With successful completion of this 2-year study, we expect a 
substantial improvement of the occupational health surveillance system 
for WTC responders.
    The World Trade Center (WTC) research team at the North Shore-LIJ 
Health System is seeking to evaluate the impact of using modified 
survey questions versus standard questions when participant responses 
from the WTC and general populations are compared.
    The WTC Health Program has been collecting self-reported health 
information for medical monitoring purposes. Initially, the questions 
were derived from multiple standard general population surveys, such as 
the National Health and Nutrition Examination Survey (NHANES) and the 
National Health Interview Survey (NHIS). However, certain questions 
were modified from their standard versions, and we would like to 
determine whether these modifications may lead study participants to 
answer differently.
    CDC requests Office of Management and Budget (OMB) approval to 
collect information from an anonymous (no personal information will be 
collected) and voluntary questionnaire, in order to test this research 
question. We will compare participant responses to a short 
questionnaire (approximately two pages of main content) which will 
contain both the modified and standard questions.
    The total estimated burden for the one-time completion of the 
anonymous questionnaire is 50 hours (600 respondents x 5 minutes each). 
Blank questionnaires will be placed in the waiting area of the Queens 
WTC Clinical Center of Excellence at Long Island Jewish Medical Center/
Queens College (Queens WTC Clinical Centers of Excellence). There will 
be no verbal solicitation for participation; however, we will post a 
written advertisement in the waiting area of the clinic.
    CDC anticipates that questionnaire collection will take place from 
December 2014-December 2015. The total estimated annualized burden 
hours are 50.
    There are no costs to respondents other than their time.

                                        Estimated Annualized Burden Hours
----------------------------------------------------------------------------------------------------------------
                                                                   Number of      Average burden
     Type of respondents         Form name        Number of      responses per     per response    Total burden
                                                 respondents       respondent       (in hrs.)        (in hrs.)

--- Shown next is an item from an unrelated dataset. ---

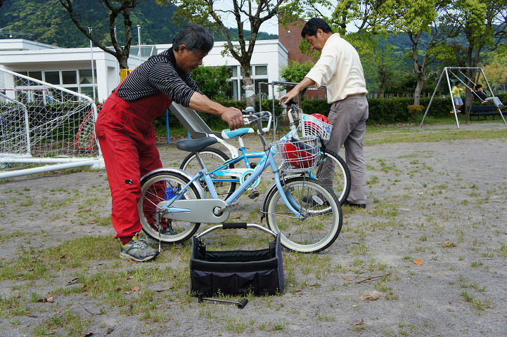 - 本日、中川地区、岩科地区、三浦地区を対象に小学生の自転車点検が行われました。 町内自転車販売店の協力の下、ブレーキやライト、タイヤなどに不具合がないかを点検しました。

----------------------------------------------------------------------------------------------------------------
Individual WTC Responders...  Health and                  600                1             5/60               50
                               Socioeconomic
                               Sequelae of
                               the WTC
                               Disaster among
                               Responders.
                                              ------------------------------------------------------------------
    Total...................  ...............  ...............  ...............  ...............              50
----------------------------------------------------------------------------------------------------------------


LeRoy Richardson,
Chief, Information Collection Review Office, Office of Scientific 
Integrity, Office of the Associate Director for Science, Office of the 
Director, Centers for Disease Control and Prevention.